Duckweed has been studied for desalinating brackish water.
- Duckweed grows in brackish water, which often contaminates freshwater aquafers.
- It can be raised successfully in up to 4000 mg/liter of TDS. Nutrients are absorbed by the duckweed at all surfaces.
- Ideal pH for growing duckweed is in the range of 6-8, though it tolerates 5-9 ranges. It prefers unionized ammonia which is present in lower alkaline water, closer to the 6-8 range. Concentrations of free ammonia greater than 100mg NH3/liter are toxic.
- Duckweed doubles in mass every 24-36 hours. Growth rate of duckweed is controlled by temperature and sunlight moreso than by nutrient concentration. It tends to bleach and die with excessive sun exposure and can sustain rapid growth with even low levels of phosphorus and nitrogen.
- Urea is a suitable fertilizer which converts to ammonia in normal conditions. Duckweed is partial to ammonia.
Management systems for duckweed
Duckweed species can withstand extreme conditions for the most part but management should be focused on maintaining dense growth; (ii) low dissolved oxygen; and (iii) a pH of 6- 7. Dense cover keeps pH low from algal photosynthesis and and it prevents algae CO2 formation from evening respiration and from bacteria respiration of decomposing dead algae.
Duckweed will grow on water containing any waste material. Best sources are from homes, food processing plants, livestock, pig and poultry farms. If using manure and night soil in villages these wastes must be pretreated by storage in anaerobic ponds for several days before cultivating duckweed.
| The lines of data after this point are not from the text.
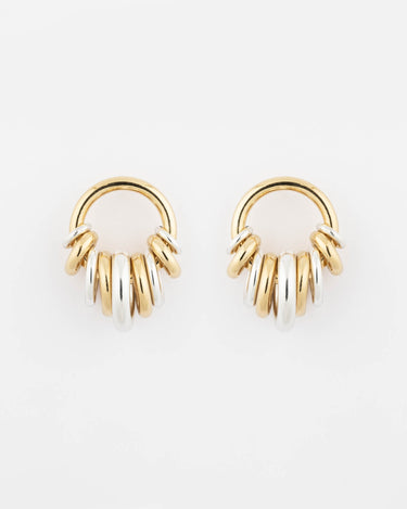 Les boucles d'oreilles Donut Uni Or mélangent l'or et l'argent grâce à plusieurs anneaux disposés sur une base dorée, créant un contraste chic. Une déclinaison plus marquée des Donut Baby Or, pensée pour être portée seule ou en accumulation.
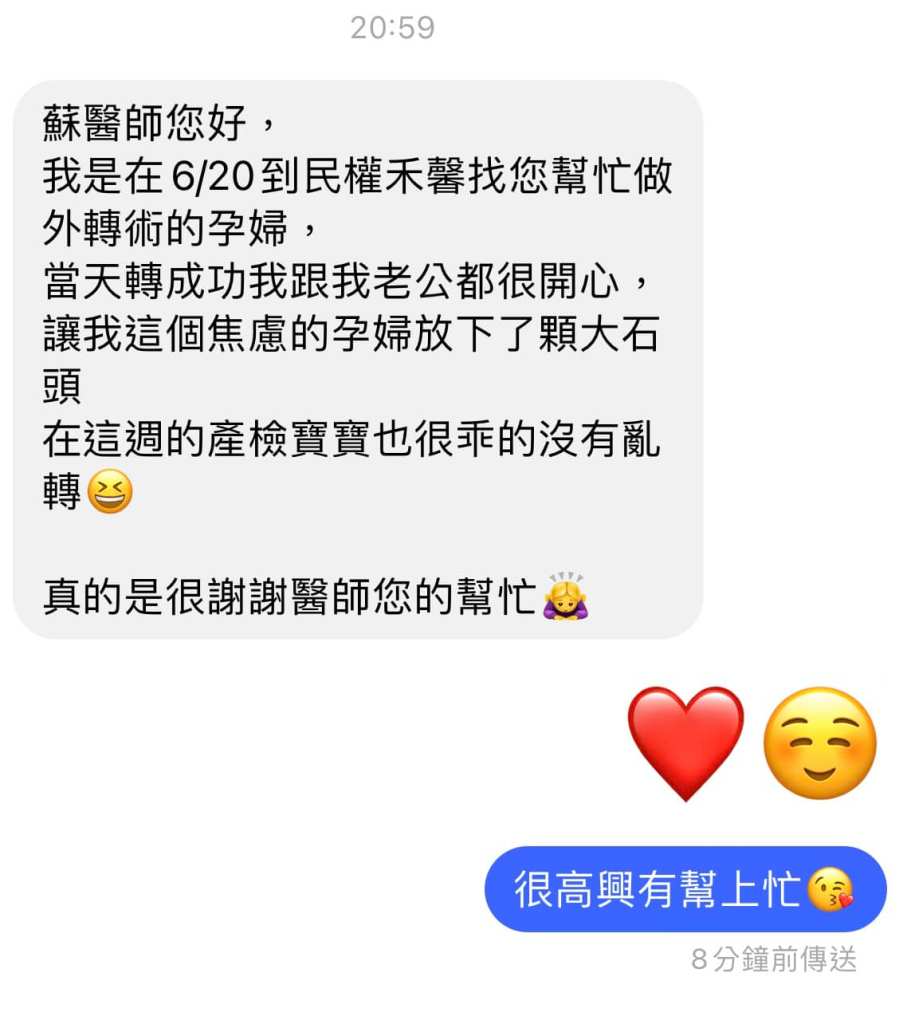 有很多媽咪從遠道而來請我幫忙進行胎位不正外轉術
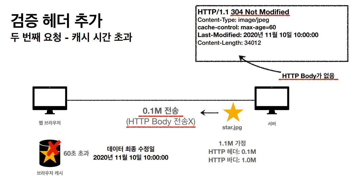 클라이언트와 서버에서 데이터의 최종 수정일이 같으면 서버는 클라이언트의 요청에 대해 메세지 바디를 생략한 응답 메세지를 보낸다.
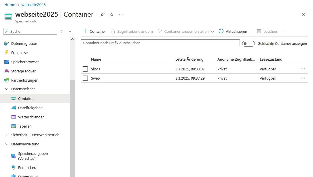 Es wird ein neuer Container $web angelegt. Laden Sie hier diese index.htm hoch. Am besten mit rechter Maustaste und "Ziel speichern unter..." runterladen.
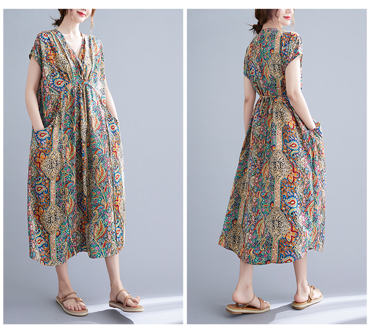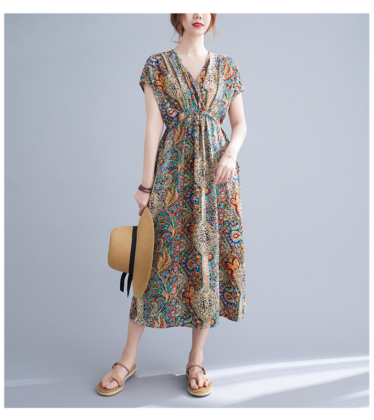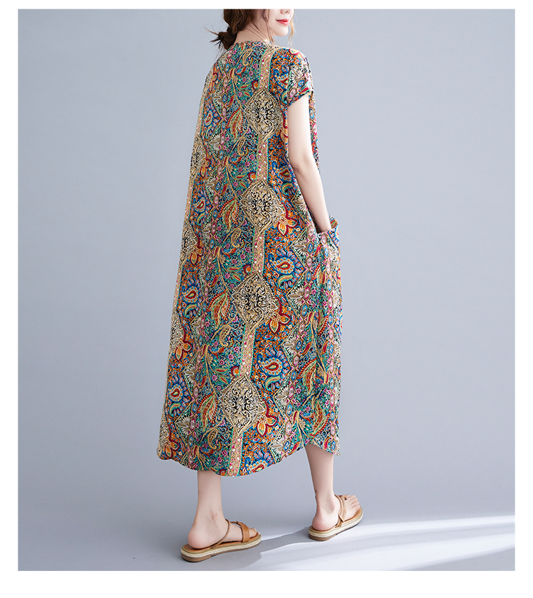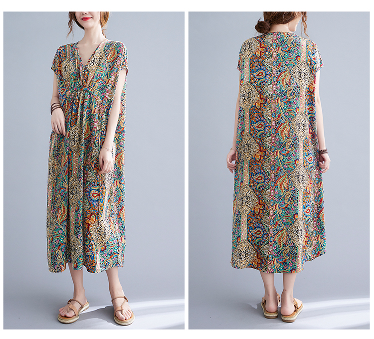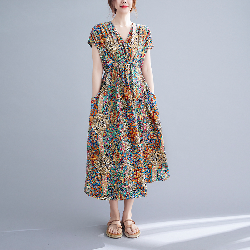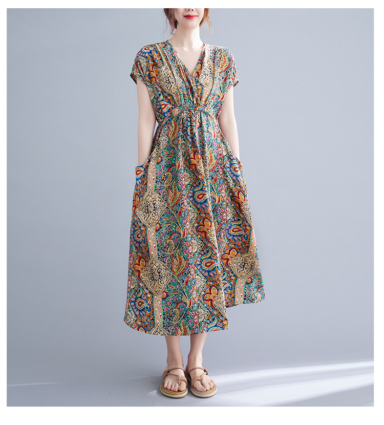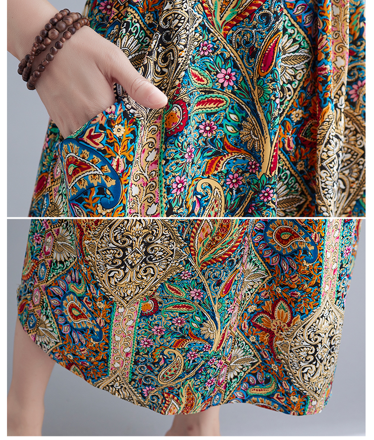실사 2026 여름 디자인 센스 루즈핏 민족 스타일 프린트 여성 드레스 품격 여행 휴가 바람 롱 스커트
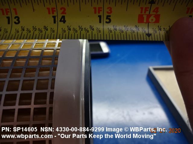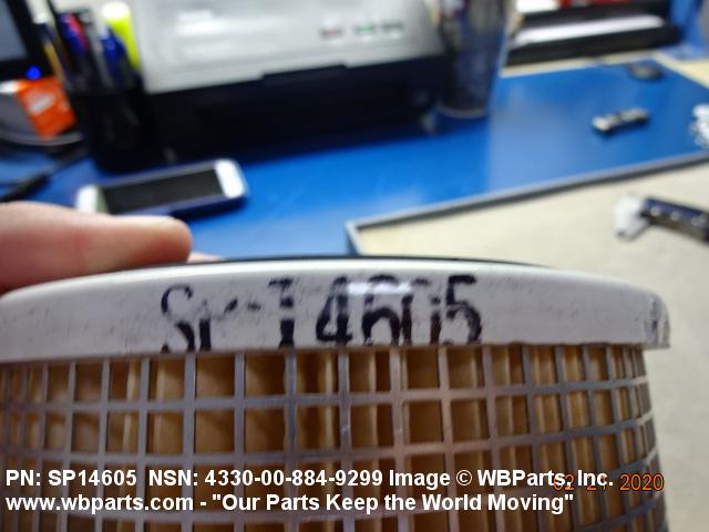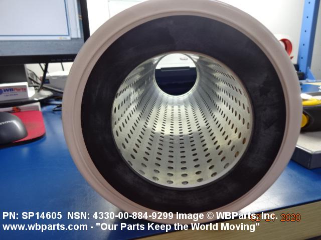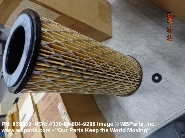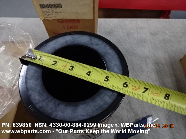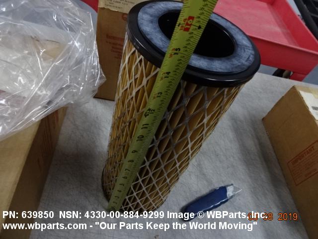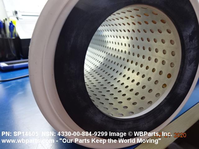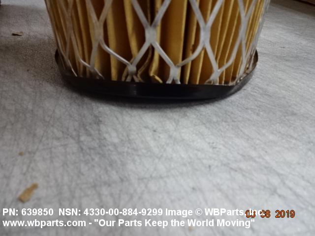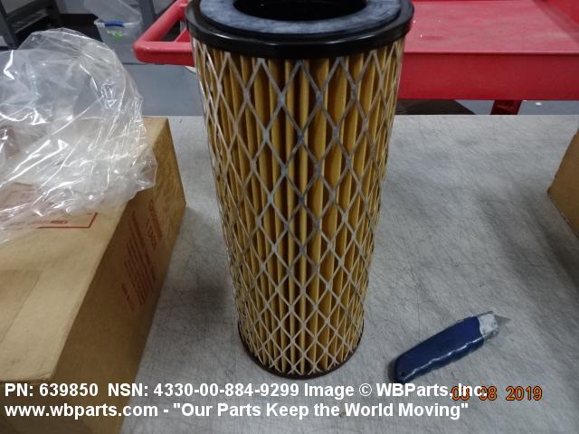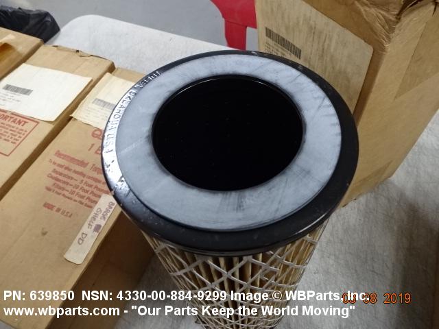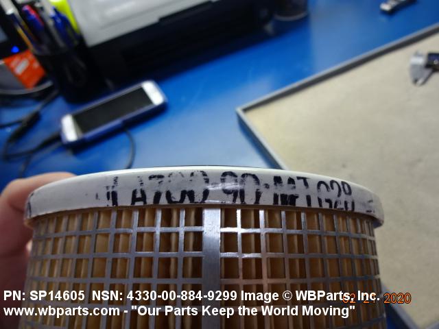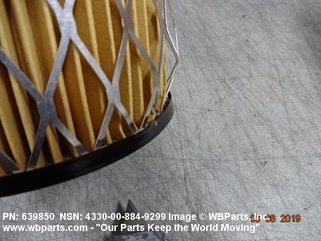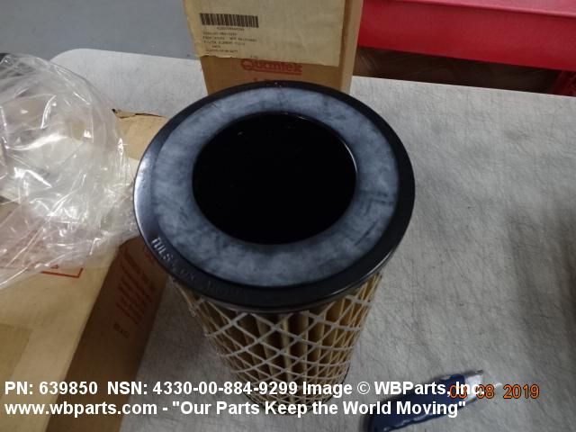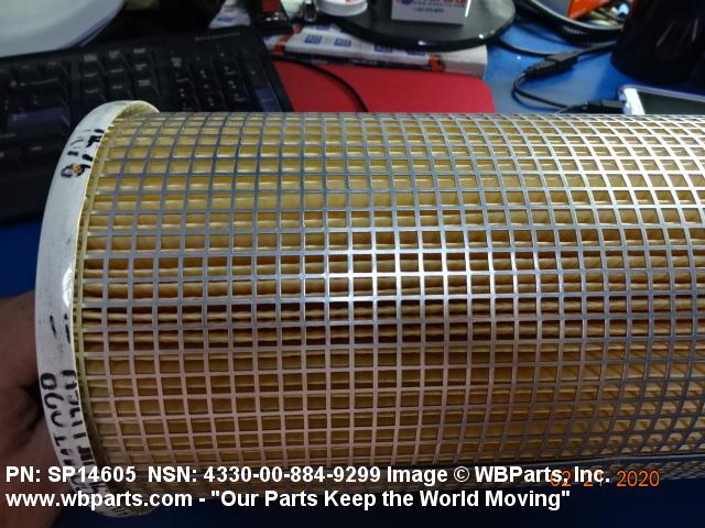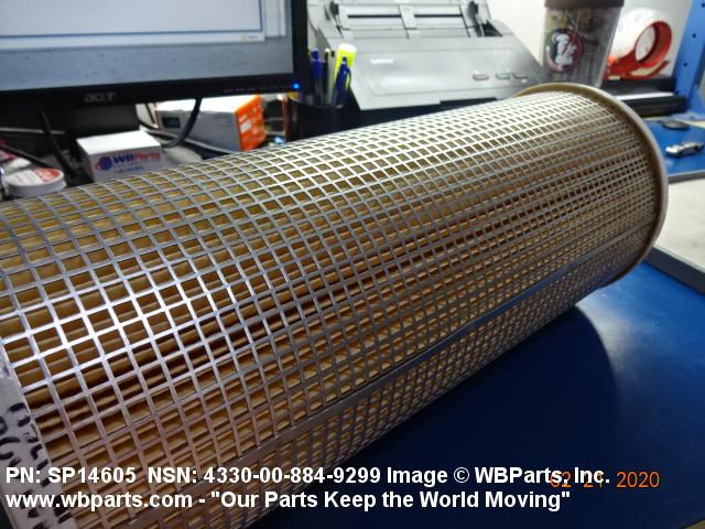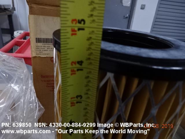4330-00-884-9299 A replaceable device designed to remove solid particles from fluids ranging in density from heavy liquids to gases. The removal of particles is accomplished by porous material (metallic or non-metallic), stacked disks, wound wire, or the like, constructed so the fluid can flow through the device while the solid particles are retained. It may be designed to fit into a FILTER, FLUID (or similar cavity), or it may have an integral outer casing and mounting facilities and be designed to connect directly to an engine, compressor, or the like. The degree of removal of particles must be nominally rated at less than 50 microns or absolutely rated at less than 75 microns. Excludes FILTER ELEMENT, AIR CONDITIONING. See also STRAINER ELEMENT, SEDIMENT.20916500058Aircraft Hydraulic, Vacuum, and De-icing System Components29100042Engine Fuel System Components, Nonaircraft29150064Engine Fuel System Components, Aircraft and Missile Prime Movers29400064Engine Air and Oil Filters, Strainers, and Cleaners, Nonaircraft29450059Engine Air and Oil Filters, Cleaners, Aircraft Prime Moving43300057Centrifugals, Separators, and Pressure and Vacuum Filters5999000065300053Hospital Furniture, Equipment, Utensils, and Supplies66300029Chemical Analysis Instruments

Duckweed as a water treatment “plant”. When using as a treatment system for farms duckweed growing on wastewater should be treated prior to feeding. It will concentrate and store many nutrients, particularly nitrogen, phosphorus, calcium, sodium, potassium, magnesium, carbon and chloride from the wastewater. If heavy metals are also in the water the duckweed may have to be decontaminated prior to feeding to animals. It grows on water with a nitrogen concentration of 10-30mg NH3/m2.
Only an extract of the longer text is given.